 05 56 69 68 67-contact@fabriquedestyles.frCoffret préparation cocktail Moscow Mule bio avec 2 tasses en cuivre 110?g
◇ ◇ ◇ ◇ ◇ ◇ ◇
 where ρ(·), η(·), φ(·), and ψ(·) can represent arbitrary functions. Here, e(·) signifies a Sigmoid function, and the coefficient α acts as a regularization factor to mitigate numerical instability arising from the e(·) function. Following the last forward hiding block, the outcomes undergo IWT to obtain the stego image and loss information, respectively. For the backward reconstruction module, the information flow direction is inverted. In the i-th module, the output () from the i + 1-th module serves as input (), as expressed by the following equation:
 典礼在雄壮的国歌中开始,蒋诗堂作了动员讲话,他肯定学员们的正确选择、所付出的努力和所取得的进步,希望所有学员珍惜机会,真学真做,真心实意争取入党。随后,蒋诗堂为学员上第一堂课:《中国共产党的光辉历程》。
◇ ◇ ◇ ◇ ◇ ◇ ◇
◆ **WHAT TO WORK ON**
The stretch of entries above that starts with the line containing "where ρ(·), η(·), φ(·), and" and goes on through the line containing "典礼在雄壮的国歌中开始,蒋诗" is to be transcribed exactly, and no other line is to be transcribed.

◆ **ANSWER FOR THIS EXERCISE**
 where ρ(·), η(·), φ(·), and ψ(·) can represent arbitrary functions. Here, e(·) signifies a Sigmoid function, and the coefficient α acts as a regularization factor to mitigate numerical instability arising from the e(·) function. Following the last forward hiding block, the outcomes undergo IWT to obtain the stego image and loss information, respectively. For the backward reconstruction module, the information flow direction is inverted. In the i-th module, the output () from the i + 1-th module serves as input (), as expressed by the following equation:
 典礼在雄壮的国歌中开始,蒋诗堂作了动员讲话,他肯定学员们的正确选择、所付出的努力和所取得的进步,希望所有学员珍惜机会,真学真做,真心实意争取入党。随后,蒋诗堂为学员上第一堂课:《中国共产党的光辉历程》。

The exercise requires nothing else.